The common law approach says that the adviser owes a duty to carry out the client's instructions with reasonable care and skill. The adviser is not obliged to advise on the wisdom of the client's instructions and is not expected to ask about the client's personal financial circumstances in order to volunteer financial advice.
Whatever comfort financial advisers may have taken from this apparent judicial reluctance to adjudicate on issues of negligent investment advice, the rights of action available to dissatisfied investors became more exacting as a result of the FSA regime.
The key provision in the statutory approach is section 62 of the Act, which creates a civil cause of action for loss resulting from a breach of any of the rules or regulations made under part V of the Act or certain other specified provisions contained in the Act.
Of particular importance in this context is the extension of the section 62 duty to breaches by an authorised person of any of the rules of its self-regulatory organisation (SRO).
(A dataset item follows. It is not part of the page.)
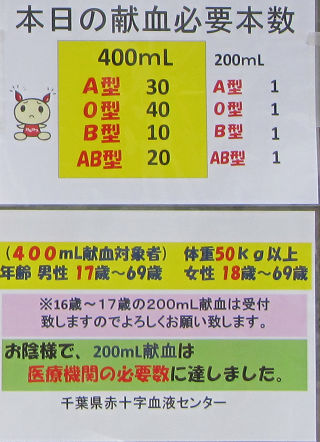 千葉でしなくなった理由は、献血センター(と駐車場)が、近所にないせいも

Since those so authorised are also liable for the acts or omissions of their appointed representatives, this statutory imposed duty is of wide operational ambit. It is in each of the SROs' rule book that the duty to "know your client" and to ensure suitability of product to his needs will be set out. For the IFA this will involve an obligation to comply with Fimbra's rules - as adopted by the PIA.
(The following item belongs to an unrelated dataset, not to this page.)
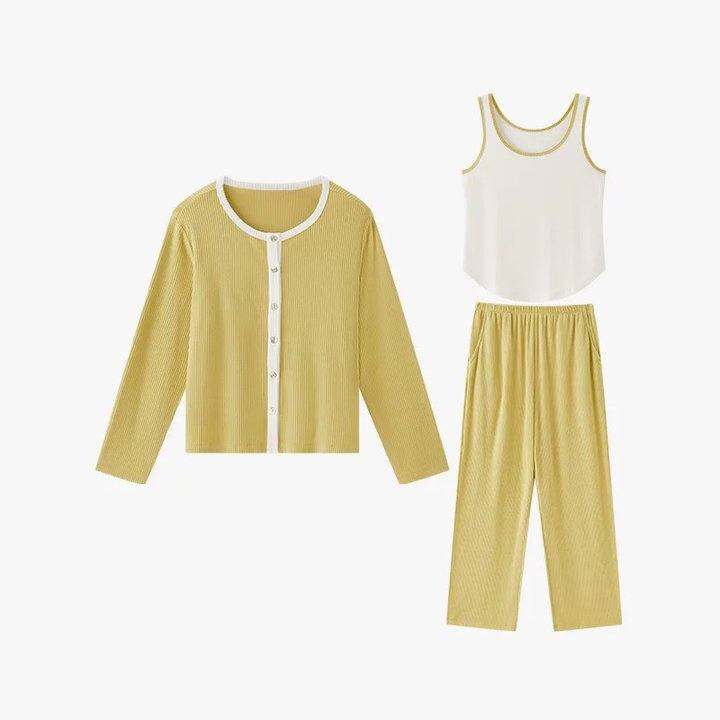 【自由穿罗纹家居服】松山棉店睡衣女长袖三件套情侣男士春秋套装

The combination of the requirements of the rule book backed up and enforced through section 62 creates that duty of inquiry which the common law approach did not readily recognise.
This right of action is confined to private investors who can demonstrate they have suffered a loss as a result of such a rule breach. It is unnecessary for the claimant to prove the adviser was negligent or that the breach was intentional.
Further, the section does not stipulate that the claimant must be a client of the adviser so that third parties may also bring a claim. The claimant will simply have to establish that a breach has occurred and that this was a material cause of any loss. This could give a right of action to dependants of the investor who suffer losses indirectly.
The obligation to comply with the SROs rule book means that any attempt by the IFA to exclude liability would be unlikely to be upheld by the court. It will, however, be open to the IFA to allege that investor losses have been caused by the client's failure to look after his own interests.
Despite the wide-ranging effect of section 62 it is an under-exploited right by dissatisfied investor claimants. Although it has been on the statute books for nearly 10 years there is no reported judicial decision dealing with its ambit and scope. This may be because many dissatisfied investors pursue their complaints through an extra-judicial complaints procedure and via the ombudsman.
There is a mass of litigation before the Commercial Court in Bristol over mis-sales of personal pension plan products. This may yet produce some judicial guidance on the section. It remains to be seen whether the court will take the content of an SRO's rules as setting the standard of the minimum duty of care owed by an IFA apart from section 62.
Nevertheless, the life industry as a whole and IFA's in particular will be keeping a close eye on decisions which delve into the section 62 tombola.